== DATASET EXTRACT ==
-*-*-

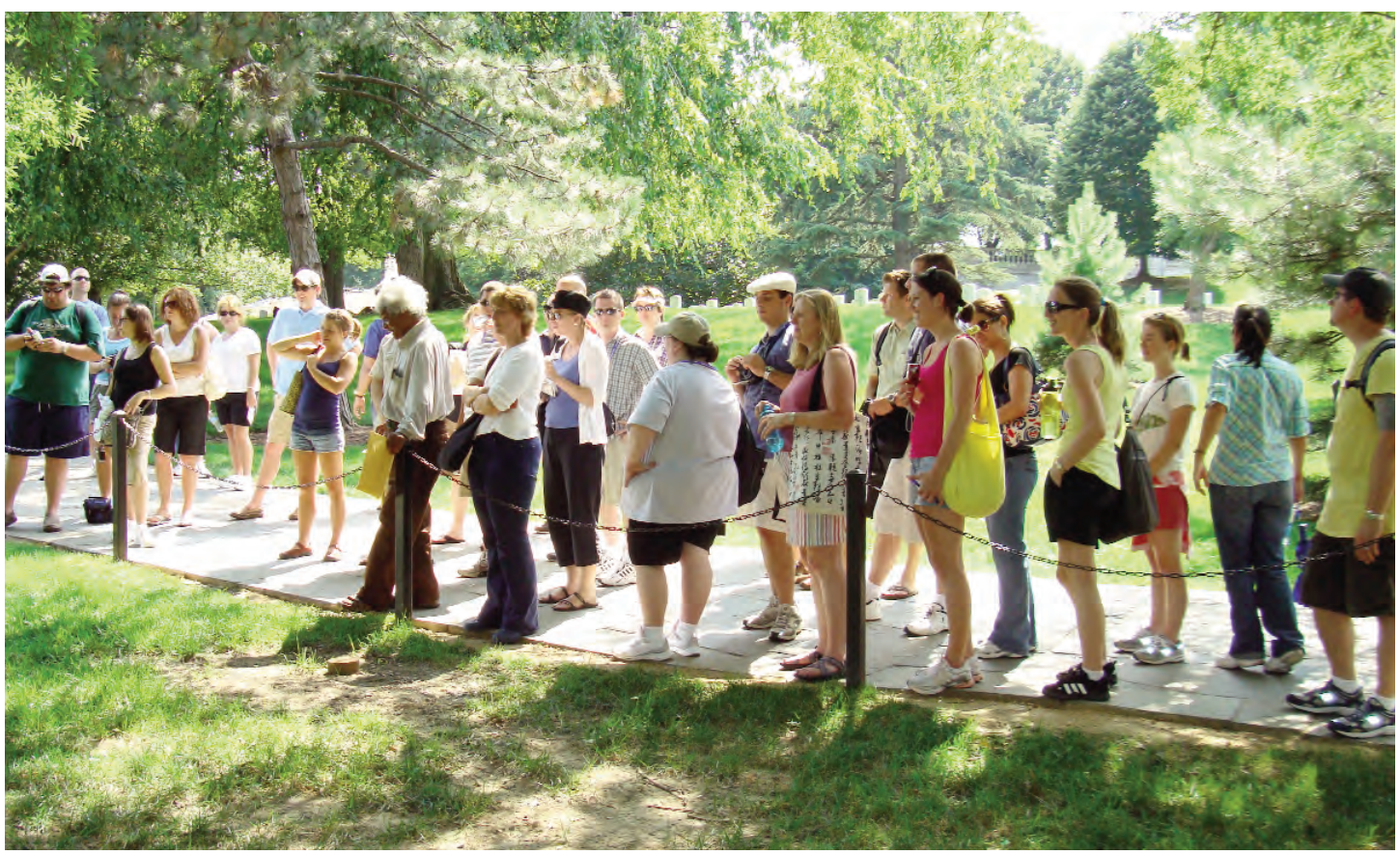
Fellows on a walking tour of Arlington National Cemetery.

The 2008 Summer Institute on the Constitution was held from June 21, 2008 to July 18, 2008. A total of 56 James Madison Fellows, representing nearly every state, attended the Institute. The Foundation invited two individuals to join the Institute, a Cuban Fellow and an Iraqi Fellow.
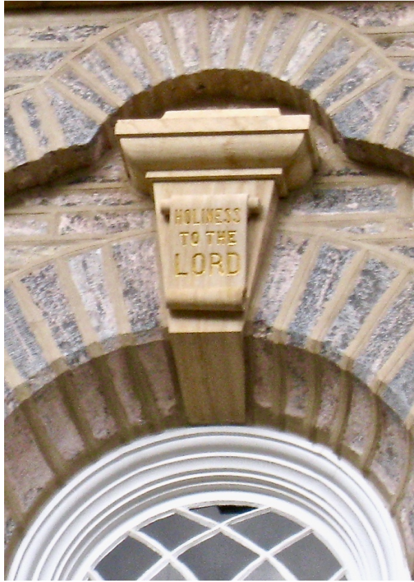
Figure 7. “Holiness to the Lord” appears on this window keystone of the Logan Utah Temple 37

-*-*-

== TASK TO COMPLETE ==
Reproduce the data exactly, please, and omit its pictures.

== PROBLEM SOLUTION ==
Fellows on a walking tour of Arlington National Cemetery.

The 2008 Summer Institute on the Constitution was held from June 21, 2008 to July 18, 2008. A total of 56 James Madison Fellows, representing nearly every state, attended the Institute. The Foundation invited two individuals to join the Institute, a Cuban Fellow and an Iraqi Fellow.
Figure 7. “Holiness to the Lord” appears on this window keystone of the Logan Utah Temple 37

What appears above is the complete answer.